Jordan's professional unions want to collect two million signatures on petitions opposed to any attempt to resettle millions of Palestinian refugees in their host countries, a union leader said Monday.
"It will be meant as a message to all the concerned parties that the Jordanian people are opposed to any move to liquidate the Palestinian cause, their right to return and to compensation," Mahmoud Abu Ghneima, secretary general of the unions' council, told AFP.
"Jordanians will not accept the definitive settlement of Palestinian refugees in the countries hosting them," he said.
"We expect to launch this campaign next week, and we're confident it will be successful," he said, adding that the campaign could be spread to other Arab countries.
A statement from the trade unions council, meanwhile, said the US-sponsored Camp David summit between Palestinian and Israeli leaders underway since Tuesday "will never allow the Palestinian people to recover their rights."
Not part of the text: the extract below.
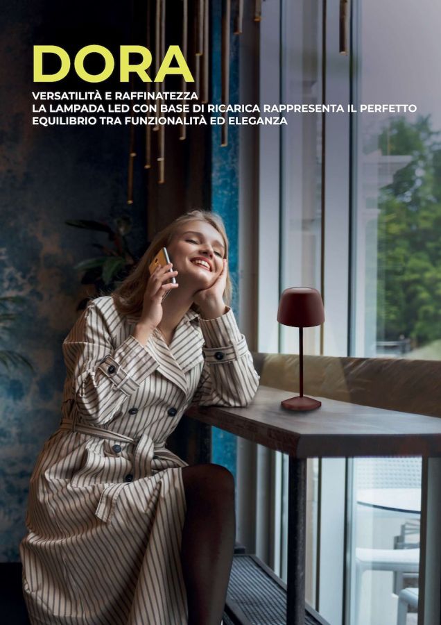 Elegante, versatile e senza fili: la nuova lampada LED DORA illumina i tuoi spazi con stile. Grazie alla base di ricarica wireless a contatto e alla batteria a lunga durata, è perfetta per ogni ambiente, sia interno che esterno (IP54). Scegli tra tre tonalità di luce ? calda, naturale e fredda ? e regola l?intensità con un semplice tocco grazie al comando touch. Disponibile in tre raffinati colori (Corten, Grigio e Sabbia), unisce funzionalità e design moderno. DORA è la lampada ideale per chi cerca atmosfera, praticità e libertà di movimento, ovunque e in ogni momento

It blamed this on Israel's "hardline positions" and said that jihad, or holy war, was "the only way to liberate Palestine."
In a policy statement earlier this month, Jordan's new Prime Minister Ali Abu Ragheb said his country will never agree to accept more Palestinian refugees than those registered in the kingdom.
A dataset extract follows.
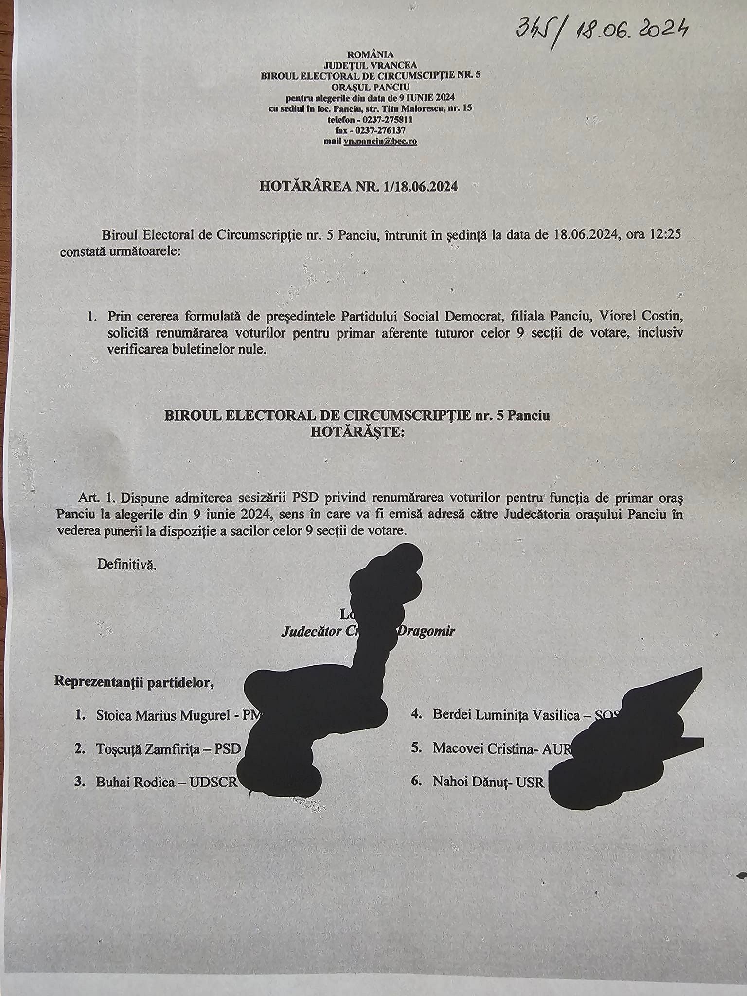 PSD solicită renumărarea voturilor exprimate pentru funcția de primar iar BEC aproba astăzi la 12:25 renumărarea, în absența reprezentantului PNL!

He also stressed Jordan's determination to support the Palestinian "right to return and to compensation".
The right of return of around four million refugees, who either fled or were forced out of their homes during the creation of Israel in 1948 and the 1967 Arab-Israeli war, is one of the thorniest issues facing Camp David negotiators.
An Israeli official last week told AFP that Israel is proposing to offer a limited return as a humanitarian gesture to tens of thousands of refugees as part of a "family reunification" program - AMMAN (AFP)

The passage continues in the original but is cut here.